Cardiac ischemia/reperfusion (I/R) injury is a serious disease that threatens human health (1). It may occur following various procedures in which myocardial blood supply to an ischemic region is reestablished, including treatment of thrombolysis, percutaneous coronary angioplasty or coronary artery bypass grafting (2). The subsequent reperfusion that occurs through the epicardial coronary arteries following these treatments does not ensure achievement of complete myocardial reperfusion and recovery of the normal internal environment, and cardiac I/R injury may occur (3). Serious myocardial damage-induced ventricular remodeling, deterioration of cardiac function, development of congestive heart failure and mortality may occur following cardiac I/R injury (4). Myocardial necrosis, apoptosis and ventricular remodeling due to cardiac I/R injury are the predominant pathological features of reperfusion-induced cardiac dysfunction following treatment. Therefore, it is important to prevent ventricular remodeling following cardiac I/R injury (5). The expression of certain genes may be dysregulated in cardiac cells following cardiac I/R injury, thus resulting in the altered expression of corresponding proteins; these effects may be the pathological basis of injury remodeling in cardiac I/R injury. Therefore, studying ventricular remodeling at the genetic level may provide novel strategies for the clinical treatment of ventricular remodeling following I/R injury (6).

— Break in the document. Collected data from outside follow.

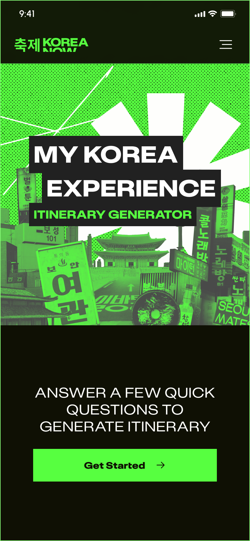 The AI-powered itinerary generator went through multiple iterations, refining how users could explore South Korea based on their interests. Initially, it pulled recommendations based on user likes, but as the site structure evolved to meet the onsite festival constraints, a more guided approach made the most sense.
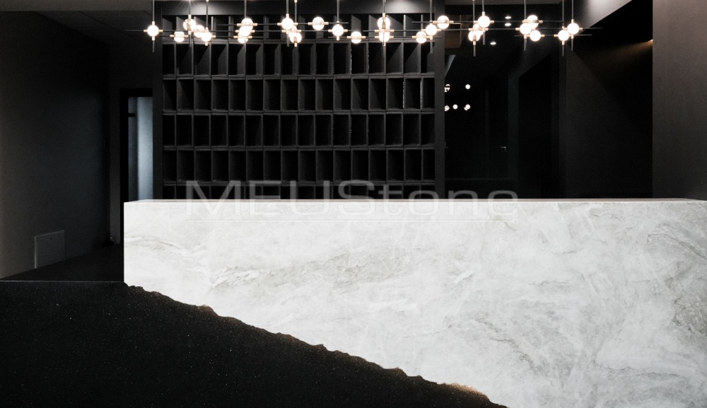 Głównym walorem jaki posiadają realizacje MEUStone to jakość i precyzja ich wykonania. Dzięki najnowszej technologii oraz wykwalifikowanej kadrze wszystkie realizacje takie jak blaty kuchenne, schody, elewacje, posadzki z marmuru są realizowane z dbałością o najmniejszy detal. Łączenie pod kątem 45 stopni daje nieograniczone możlwości na przykład przy pogrubianiu blatów kuchennych, lub wykonywaniu zejścia blatu do podłogi. Zobacz więcej...
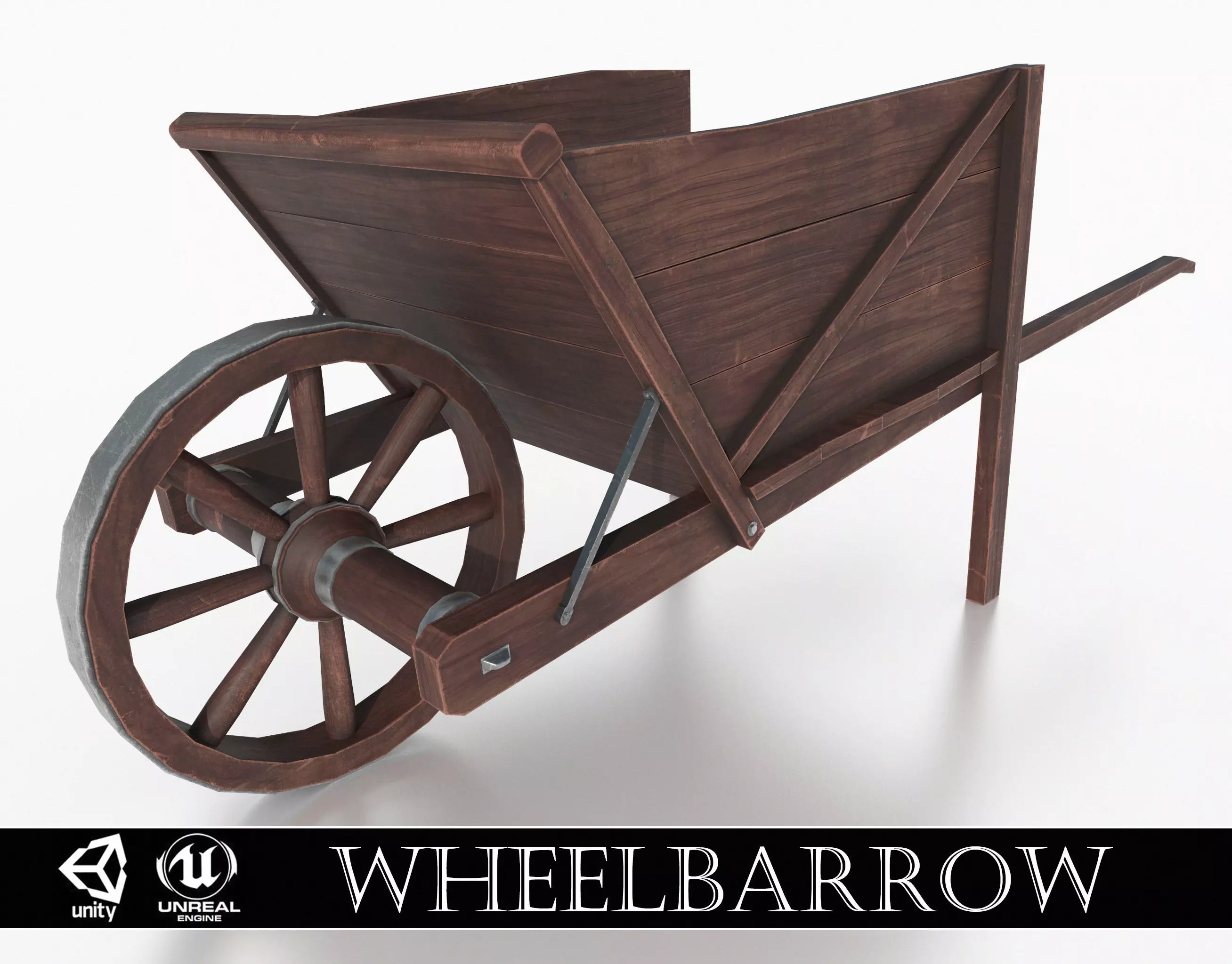 Western - Wooden Wheelbarrow Low-poly 3D model

MicroRNAs (miRNAs) are non-coding small eukaryotic RNAs (~18–22 bp), which exert endogenous regulatory functions and are highly conserved. miRNAs have a close association with several types of heart disease (7). Previous studies reported that, through the use of chip technology on samples from a mouse model of myocardial hypertrophy and human beings with heart disease, several miRNAs (miRNA-1, −21, −133, −195, −214) are significantly upregulated compared with in control samples; therefore, overexpression or inhibition of some miRNAs (miRNA-1, −133, −195, −208 and −214) may exert a significant influence on heart growth, myocardial hypertrophy and ventricular remodeling (8,9).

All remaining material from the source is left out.